------ Listed records

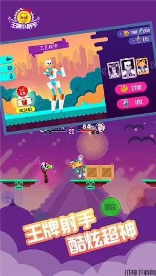 王牌小射手是一款简约风格的射击类休闲益智游戏,游戏中的画面简约自然,角色造型丰富多彩,玩法方面也是通俗易懂,玩家在这里控制自己的角色进行射击比赛,看谁获得的分数越高就能获得比赛的胜利,关卡的难度会随着游戏的深入逐渐的加深,所以你要提前适应好
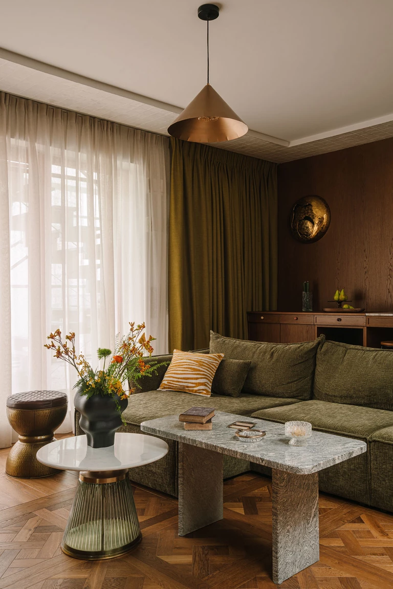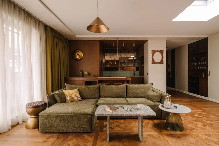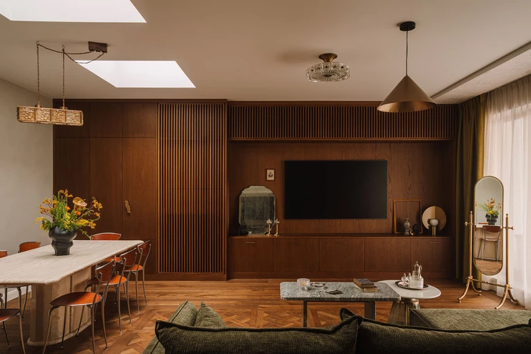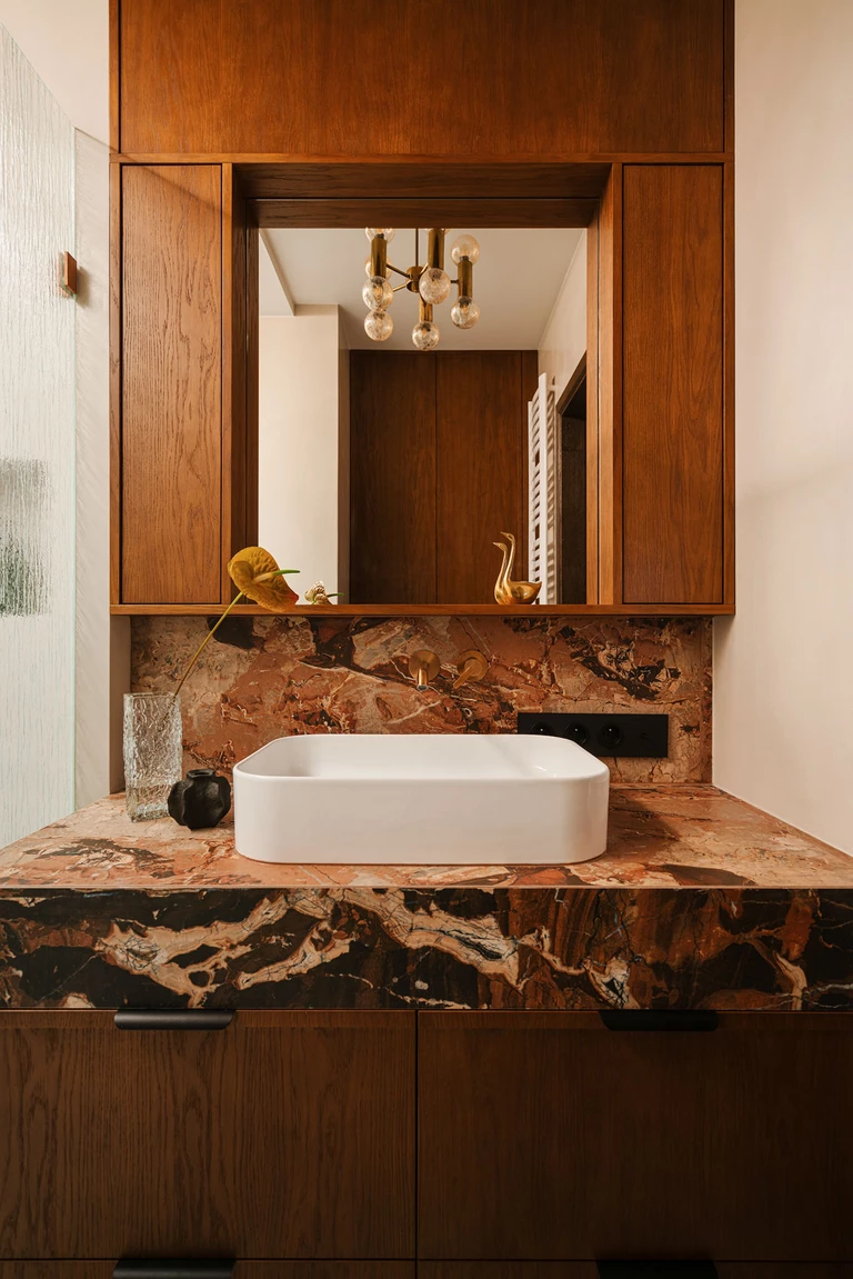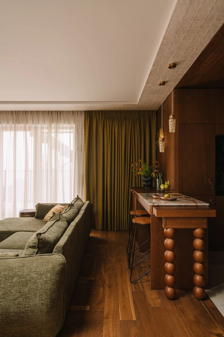 We wnętrzu króluje ciepłe, ciemne drewno – widoczne w meblach wykonanych na zamówienie ze szczotkowanego, barwionego forniru, na podłodze w formie dekoracyjnych kasetonów w salonie, a także na suficie nad aneksem kuchennym. Obok drewna pojawia się mikrocement otulający swoimi strukturami, kamienny blat kuchenny z ciekawym wzorem, płytki w przeróżnych kolorach i wielkościach oraz rzucające się w oczy tapety.
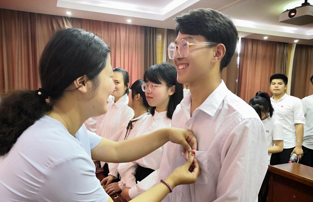 校团委书记佘海月对新团员提出希望和要求,希望新团员积极响应习近平总书记的号召,从“勤于学习、善于创造、甘于奉献”这三点严格要求自己,踊跃参加爱国主义教育,争做学习达人,争做榜样标兵,把团旗下的誓言作为行动的先导,传递青春正能量。
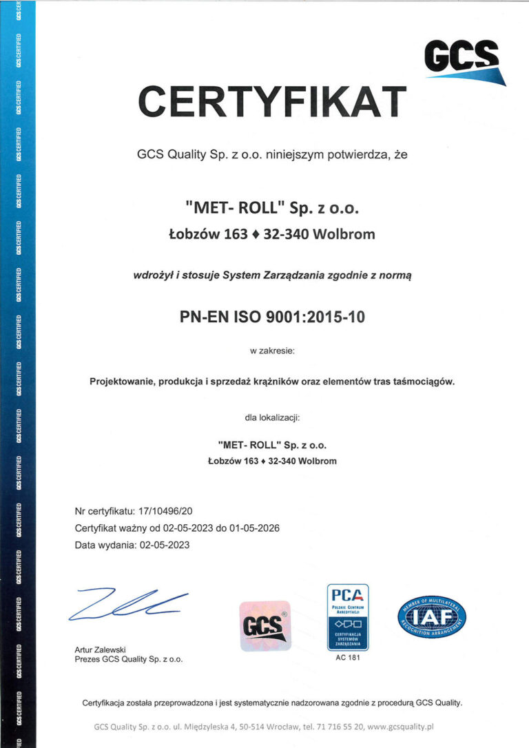 Firma Met-Roll Sp.z o.o. Łobzów 163, specjalizuje się w projektowaniu, produkcji oraz sprzedaży krążników do przenośników taśmowych oraz innych urządzeń transportowych. Głównymi odbiorcami są : kopalnie węgla, surowców mineralnych, cementownie, elektrownie, elektrociepłownie oraz inni odbiorcy stosujący transport ciągły. Miarą naszej działalności w kwestii jakości jest ocena naszych klientów. Stale rosnące wymagania rynkowe zmuszają nas do jakości bez kompromisu. Cel uzyskania najwyższej jakości wyrobów i współpraca z liderami w swoich branżach, wymusza przeprowadzanie stałych kontroli procesu produkcyjnego wg PN ISO 9001, oraz współpracę z uznanymi jednostkami certyfikującymi. Pewność, niezawodność i komfort każdego klienta, oto co nas charakteryzuje.
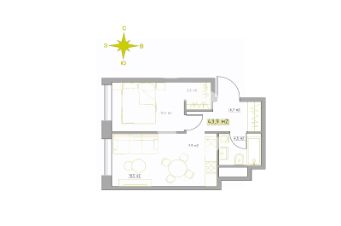 Планировка: кухня-гостиная, отдельная просторная cпальня, гардеробная, совмещенный су, холл.
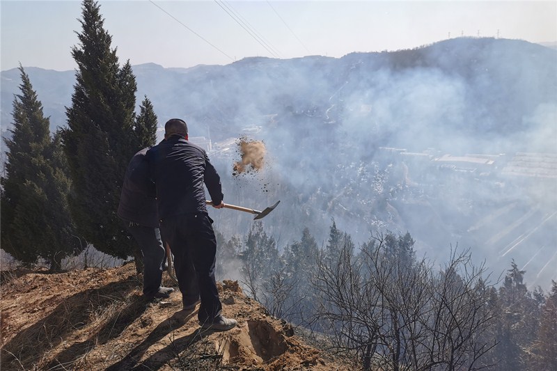 山路狭窄、陡峭,很多地方没有路,大家与赶来的武警官兵、消防战士、当地民兵志愿者一起,前边拉、后边推,以最快速度向山上冲去。到达现场后,面对浓烟和烈火,在高玉开监狱长的指挥下,大家铁锹拍、泥土压、挖隔离带……经过近一个小时奋战,火势终于得到有效控制,已不见明火出现。但因地面有大量杂草和落叶,现场仍有阴燃的残火,不断有白烟窜出,周围空气烟火味浓重。高玉开放心不下,叮嘱大家注意安全,同时把大家聚在一起组织来回巡查,不断用铁锹把泥土翻起再覆盖压实,逐一排险、防止复燃。
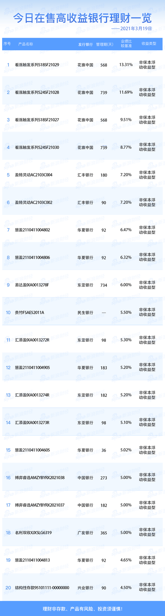 •   3月19日在售高收益银行理财产品:今日业绩比较基准在7%以上的银行人民币理财产品共6款。花旗中国“看涨触发系列S18SF21029”业绩比较基准最高,为13.31%。
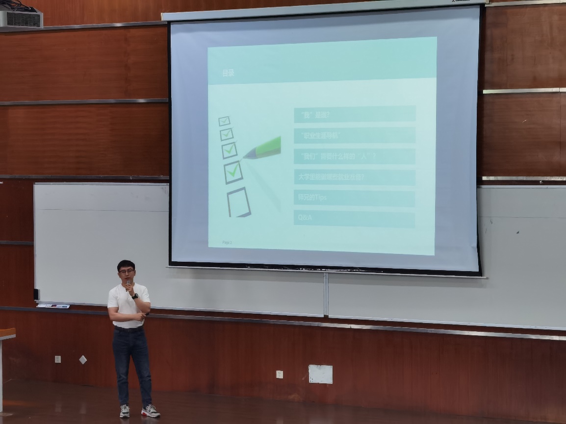 随后,袁捷老师以自身经历为引,为同学们进行了职业生涯导航的宣讲。作为太阳成集团tyc122cc2014届的优秀青年校友,袁老师从自己本科期间如何确定就业目标、规划职业路径,到最终成功入职西门子的全过程进行了详细介绍。他强调了本科期间课程学习及个人综合能力培养的重要性,并分享了自己的经验与建议。讲座现场,同学们积极互动,袁老师耐心解答了同学们关于西门子招聘要求以及如何确定个人职业兴趣等问题。
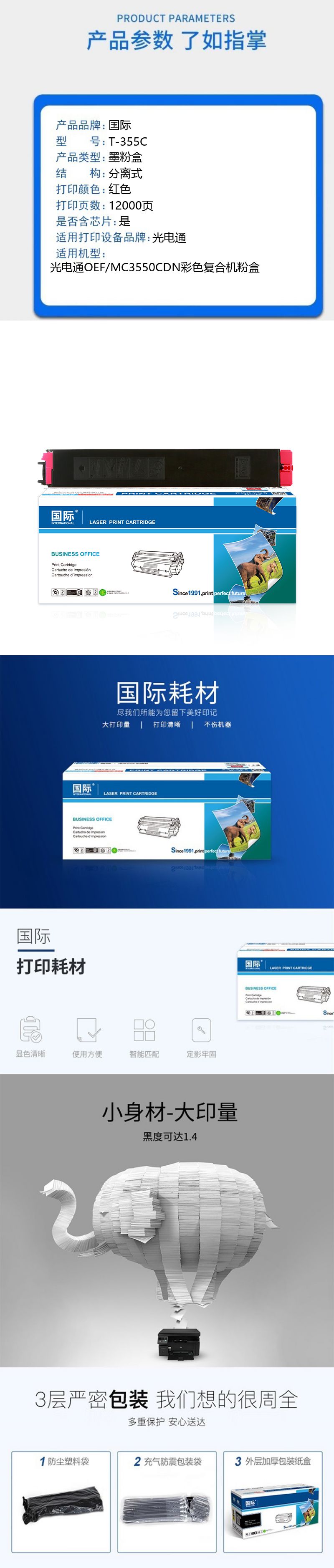 商品标题:国际兼容T-355C粉盒(鼓粉分离)红色单支装(适用 光电通OEF/MC3550CDN彩色复合机粉盒)打印页数:12000页(单位:支)
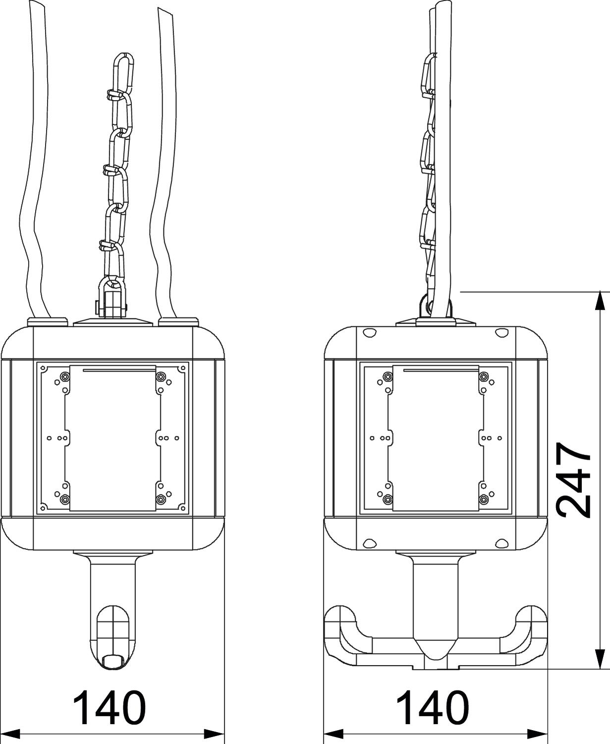 Descrição do produtoCaixa vazia com olhal de suspensão e gancho, para a montagem de 4 equipamentos eléctricos, com separador fornecido. Sem espelhos.
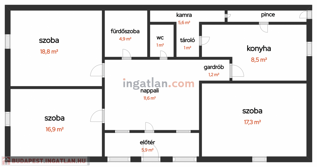Burkolatai a szobákban, parketta, illetve lamináltpadló, konyhában és a vizesblokkban kerámia borítást kapott.

------------

### Instructions to follow
Take the line containing "随后,袁捷老师以自身经历为引" as the first and the last line of the records as the end. Print every line in that span exactly, leaving out pictures.

### Answer box
 随后,袁捷老师以自身经历为引,为同学们进行了职业生涯导航的宣讲。作为太阳成集团tyc122cc2014届的优秀青年校友,袁老师从自己本科期间如何确定就业目标、规划职业路径,到最终成功入职西门子的全过程进行了详细介绍。他强调了本科期间课程学习及个人综合能力培养的重要性,并分享了自己的经验与建议。讲座现场,同学们积极互动,袁老师耐心解答了同学们关于西门子招聘要求以及如何确定个人职业兴趣等问题。
 商品标题:国际兼容T-355C粉盒(鼓粉分离)红色单支装(适用 光电通OEF/MC3550CDN彩色复合机粉盒)打印页数:12000页(单位:支)
 Descrição do produtoCaixa vazia com olhal de suspensão e gancho, para a montagem de 4 equipamentos eléctricos, com separador fornecido. Sem espelhos.
Burkolatai a szobákban, parketta, illetve lamináltpadló, konyhában és a vizesblokkban kerámia borítást kapott.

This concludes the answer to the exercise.